The Dodd-Frank law, passed in 2010 in response to the financial crises and economic recession empowers regulators with greater authority to oversee financial institutions than ever before. Significantly, Republican presidential candidate Mitt Romney has also pledged to repeal Dodd-Frank.
However, it seems, senior Republicans and states are not waiting around to see that pledge turn to reality, but taking their own steps to check the financial oversight of the Consumer Financial Protection Bureau.
Alan Wilson, the attorney general of South Carolina said, “The new regulations do not stabilize our economy, they create greater uncertainty … Dodd Frank replaces the rule of law with the rule of politics.”

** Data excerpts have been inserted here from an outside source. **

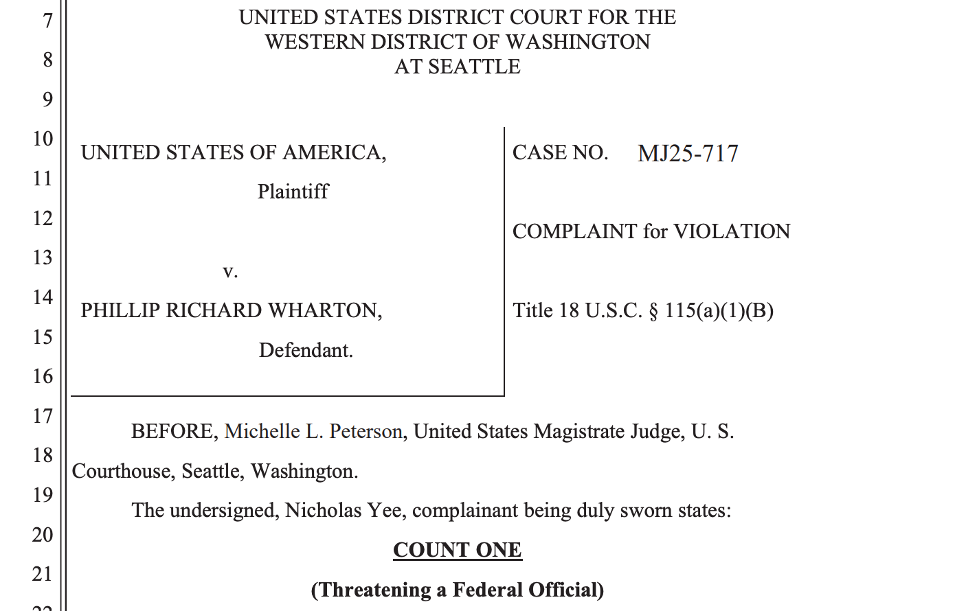 During an initial appearance that same day, Magistrate Judge Michelle L. Peterson ordered Wharton released on a personal recognizance bond.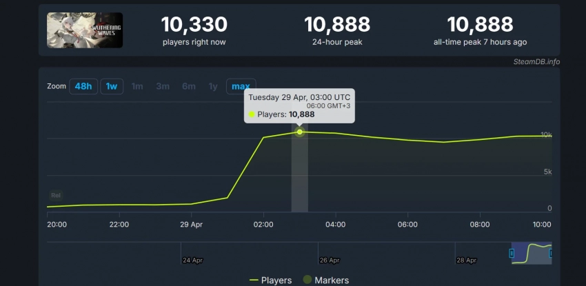 Пиковый онлайн почти достиг отметки в 10,9 тысячи человек. В момент написания новости в Wuthering Waves в Steam также находится более десяти тысяч человек, которых наверняка привлекло свежее обновление.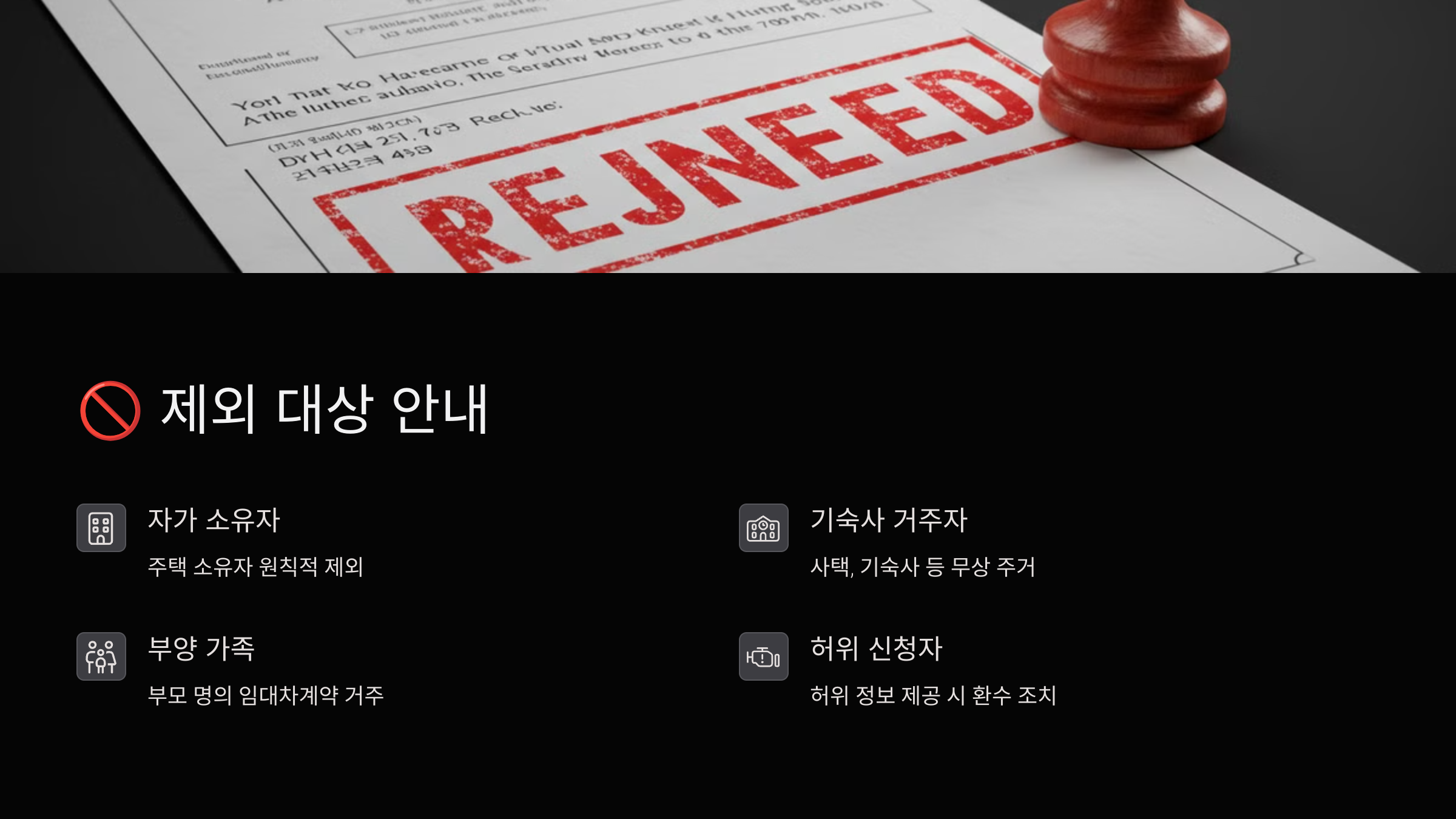 이제 마지막으로! 어떤 경우에 신청이 어려운지, 즉 제외 대상에 대해 알려드릴게요. 해당되면 자동 탈락될 수 있으니 꼭 체크해보세요!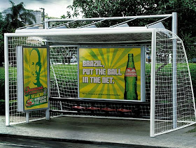 Actual size goal posts were placed in bus shelters around Sao Paulo for the Soccer World Cup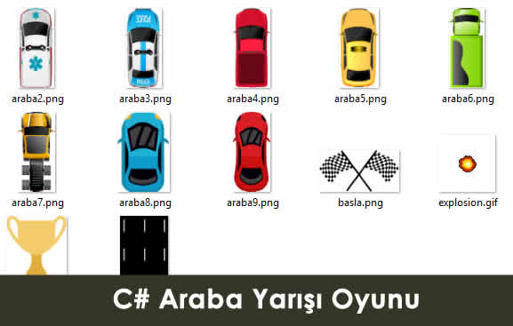 Şimdiki C# örneğimizde araba yarışı oyunu yapacağız, amacımız diğer arabalara çarpmadan en yüksek puanı toplamak kodların arasında açıklama satılarını ekledim ama kısaca oyunu ve form tasarımını anlatayım öncelikle oyun için kullanacağımız arabaları, yolu resim olarak ayarlıyoruz bizim kullanacaklarımız ..:
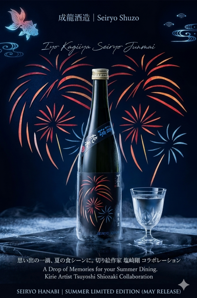 切り絵シリーズの醸造を任されるようになってはや数年が経過しました。年々酒質の改善を行いながらその季節や皆様の食シーンに合わせたお酒となるよう、日々努力しています。この花火を発売するにあたって、今年は酵母をチェンジしました。今愛媛県でもっとも新しいさくらひめ酵母のType-1を使用。甘美ないちごのような香りが特徴的で、香りもよく、優しくすっきり飲める酒質を目指しました。今回のテーマは「日本の夏に寄り添えるHANABI(日本酒)」です。この花火は夏の暑い日を少しでも涼しく感じて頂けるようにお酒のシャープさを意識して仕上げました。涼しさの仲にも情熱を感じて頂けるように香りはもちろん、最後の喉越しまでお米の旨味を多く感じて頂けるような味わいです。飲み口爽やかに口の奥まで運んでいき、最後に打ち上げ花火のごとく大きな旨味がパッと開いて静かに消えていく、そんな夏の心地いい余韻をお楽しみ頂けますと幸いです。冷やしてキリっと楽しまれても良し、常温で旨味を感じながら夕涼みを楽しんで頂くのも良し、様々な夏のワンシーンで思い思いにお楽しみ下さい。相性のいいお料理は赤身のお肉で、あえて塩やワサビ、また塩味の効いたソースでお食べ頂くと、お互い引き立て合い素晴らしいペアリングとなると思います。このHANABIでこれから暑い季節、皆様の心に「笑顔の花火」がたくさん打ちあがる事を願っています。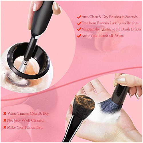 - FAST & CONVENIENT: Upgraded makeup brush cleaner, clean and dry the brushes in 360 rotation, the rotating speed of the brush clean machine reaches 12000-13000 r/ m. Clean and dry your makeup brushes in seconds which is time-saving and energy-saving and also prevents your hands from getting wet and dirty.

On Friday, Wilson told reporters that state pension funds would be difficult to recover if assets were invested in a business shut down using Dodd-Frank. At the heart of the issues and controversies around Dodd-Frank is a provision that lets the Treasury secretary call for the liquidation of any financial entity, whose failure is deemed to threaten the economic stability of the country. While the apparent goal is to prevent the government from being forced into future business bailouts, states argue that the process would restrict a business and its creditors from being heard.
The initial complaint filed by the Competitive Enterprise Institute and others claim that the Consumer Financial Protection Bureau and the Financial Stability Oversight Council are unconstitutional, because there are insufficient checks over their authorities exercised by other branches of the government.
The lawsuit also brings into question the appointment of Richard Cordray as the CFPB director, which was made by President Obama during a recess, and effectively bypassed mandatory confirmation by the Senate.